2019-08-01 16:16:01 | 心臓病の治療
 腹部大動脈瘤の手術において、通常は腹部正中切開での開腹による人工血管置換術を行うことが多いのですが、この方法だと、腸管をよけて、後腹膜を切開して視野を展開します。
 一方、開腹せず、すなわち腸管を触ることなく腹部大動脈瘤に到達する方法として後腹膜アプローチがあり、通常は左腹部の斜切開から内外腹斜筋を切開し腹横筋の内側で腹膜を露出し、この腹膜を開けることなく、腹部大動脈瘤へ到達するルートで視野展開します。これだと腸管を触らないので術後の腸閉塞の危険が無く、麻痺性イレウスなども起こらないので早期に食事が開始でき、速い回復が期待できます。また、過去の開腹手術の既往がある患者さんなどでは、腸管の癒着が予想されますが、開腹しないこの方法だと癒着は関係ありません。デメリットとしては、左の側方からのアプローチだと中枢側や右腸骨動脈領域の視野が悪く、広範囲な腹部大動脈瘤の手術には適応困難です。

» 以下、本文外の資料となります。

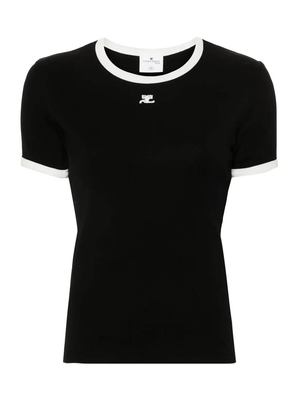Courrèges Signature Contrast black and white cotton T-shirt with logo appliqué on the front, contrasting trim, round neckline, and straight hem
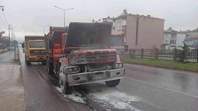 Yangın, Fevzi Çakmak Mahallesi Samsun-Sinop karayolunda meydana geldi. Edinilen bilgiye göre, Samsun istikametine seyir halinde olan 55 K 7843 plakalı kamyonun motor kısmından dumanlar yükselmeye başladı. Durumu fark eden sürücü aracı durdurarak 112’yi aradı. Olay yerine gelen Büyükşehir Belediyesi itfaiye ekipleri tarafından yangın söndürülürken, aracın motor kısmında maddi hasar oluştu. Yangının ise yağ borusundan çıktığı tespit edildi.
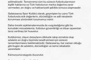 俱乐部正密切关注事件细节,静待整个流程完成以确保正义得到最公正的彰显。加拉塔萨雷始终如一地站在正义、诚信与公平竞争的一边。谨此向公众郑重宣告。
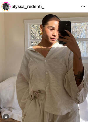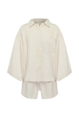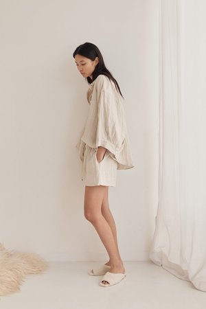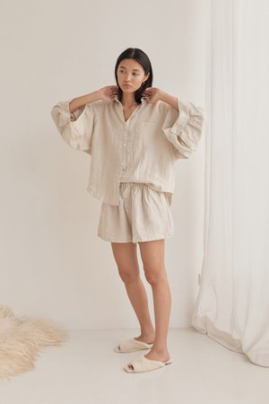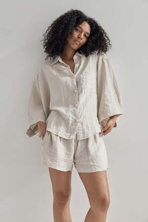 Deiji Studios as a concept is to blend morning into night, daywear into sleepwear. The designers embrace slow fashion and believe we are most confident when dressed comfortably. They are driven by social purpose and the pursuit of an innate sense of style that defies age and time. Deiji Studios uses small, family run factories and works closely with them to ensure good working conditions, fair wages and hours. Their linen is softened by natural pumice stones, all wastewater is recycled and disposed of responsibly, and scrap fabric is donated. The brand is proud to be carbon neutral and based in Byron Bay, Australia. The 03 Set features an oversized box fit linen shirt with wide arms and a front pocket. Designed to sit mid rise, the loose fitting boxer style shorts have a faux button down fly and an elastic waist for comfort. Can be worn at home, in bed, or out. - Oatmeal color - Size down if in between - Side pockets on shorts - 100% Stone washed French linen - OEKO-TEX 100 certified, GOTS certified organic and EU certified - Measurements across front - - Size XS Top (25" pit to pit, 26" length) - Size XS Shorts (12.5" unstretched - 15.5" stretched, 15" inseam) - Size S/M Top (26" pit to pit 26.5" length) - Size S/M Shorts (14" unstretched - 17.5" stretched, 15.5" inseam) - Size M/L Top (27" pit to pit, 27.5" length) - Size M/L Shorts (15" unstretched - 19" stretched, 15.75" inseam) - The model is 5'8", wearing Size S/M - Christina is 5'5", wearing Size M/L - SKU #DSC1852
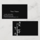 Plain black business card with bamboo patterned on the back in white silhouette and name and contact details on the front. Simple yet elegent.
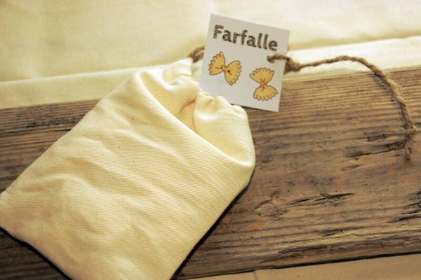 10 Nudeln im handgenähten Säckchen mit handkoloriertem Schild.

 さてこの腹部正中切開によるアプローチと側方からの後腹膜アプローチのそれぞれのメリットを生かした方法として、正中切開からの後腹膜アプローチがあります。「正中レトロ」とも言われるこの方法は、正中切開でありながら、開腹しないため開腹歴がある患者さんなどで開腹しなくてすむ、中枢側の遮断や吻合に不安がある患者さんなどで行うことにメリットかあります。またこれに似た、傍正中レトロちう方法は、正中ではなく、やや左側の縦の腹部切開から腹直筋鞘に入り、そこから後腹膜アプローチへとつなげる方法です。これら後腹膜アプローチには剥離に時間が若干かかりますが、非常に有用な方法なので習得しておく必要があります。

 筆者は通常の腹部正中切開で開腹しようとしたのに、癒着がひどくて剥離困難でそれ以上腹部正中切開の手術が困難な患者さんに対して、途中で正中切開からの後腹膜アプローチに変更して手術を完遂した経験がありますが、これって一般的なConversionの方法なのか、報告などある方法なのか、知っている方がいたら教えて頂きたいものです。